Card Go Cougar and Husky Hunting

The Bootleg's Daniel Novinson presents the faithful his expertise on the Cardinal, including a midseason recap and previews of their upcoming home games versus Washington and Washington State. Check out the key stats and notes on the Cougars and Huskies, along with his final score predictions before an important four-game stretch in the Bay Area.


And not much else.

That's what appears to be on the line this weekend, when the Washington schools visit Maples. With a 3-6 mark halfway through the Pac-10 season dousing the optimism generated by a 10-0 start, the Cardinal appear to be playing for NIT seeding, barring something truly remarkable. Then again, the only Pac-10 teams who appear clearly better than the Cardinal are UCLA and Arizona State. If Stanford wins all the close ones after an 0-3 start in one-point games, if the Card sweep the Washington schools and start to build momentum… who knows? Crazier things have happened, and besides, what's fandom for if not irrational optimism?

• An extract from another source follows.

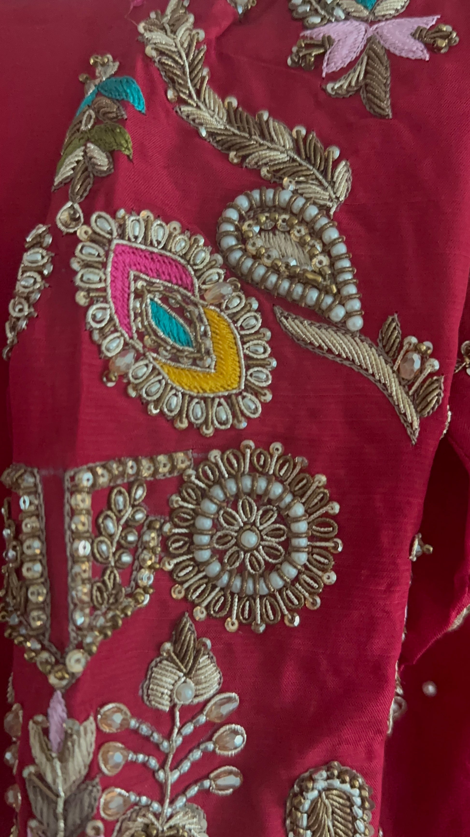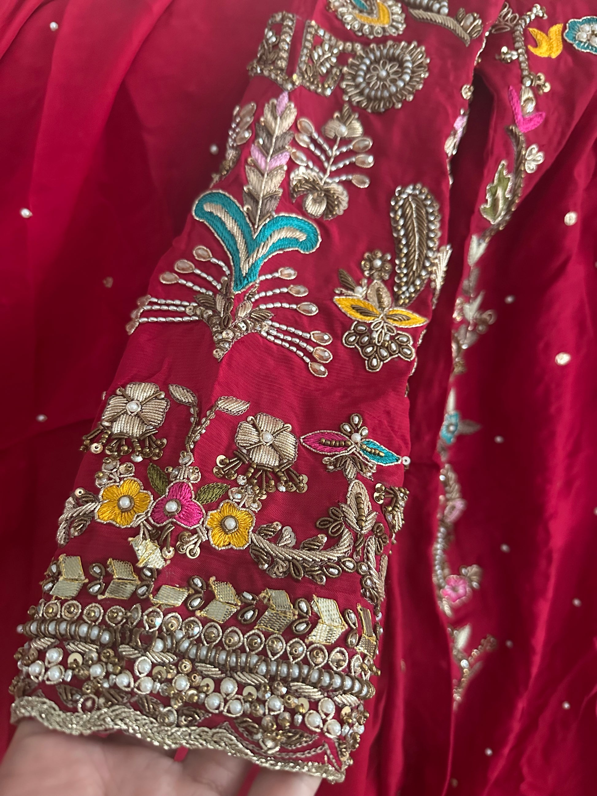 Step into the magic of dusk with "Twilight Blossom," a captivating ensemble inspired by the serene beauty of flowers blooming under the fading light. Draped in luxurious fabric, this dress features exquisite, vibrant embroidery that tells a story of elegance and grace. Twilight Blossom brings together traditional artistry and contemporary sophistication, making it a perfect choice for your most cherished moments.

Figure Stanford needs a 6-3 finish down the stretch to have a fighting NCAA shot. Sweep this weekend and sweep the Oregons, and that's just two wins between at the Arizonas, versus the L.A.s and at Cal. Recent Stanford teams have torn off runs far more impressive than that. (Of course, recent Stanford teams have never had stats that look like this…)

Midseason Update
Stanford (13-6, 3-6 Pac-10, RPI: 74)

Now that Stanford's exactly one rotation through the Pac-10, we can break down the Card's in-conference numbers with some legitimacy. Further, we can compare these numbers to last year's numbers to see where Stanford's slid, and compare in-conference to overall numbers to see if any players are getting worn down by the tougher schedule.

My first thought on looking at the conference stats (and judge for yourself at Stanford Team Stats ) is that they're actually darn good for a 3-6 team. (That makes sense, as statistically, Stanford's about 4.5-4.5, with all those one-point losses effectively ties.) For all the gripes about lack of size, Stanford's getting outrebounded by all of 1.2 boards per game. Raise your hand if you wouldn't have taken that in a heartbeat preseason. For all the gripes about slowness in the backcourt and youth all around, the Card have seven more assists and the same number of turnovers as Pac-10 opponents. Who wouldn't have liked that preseason?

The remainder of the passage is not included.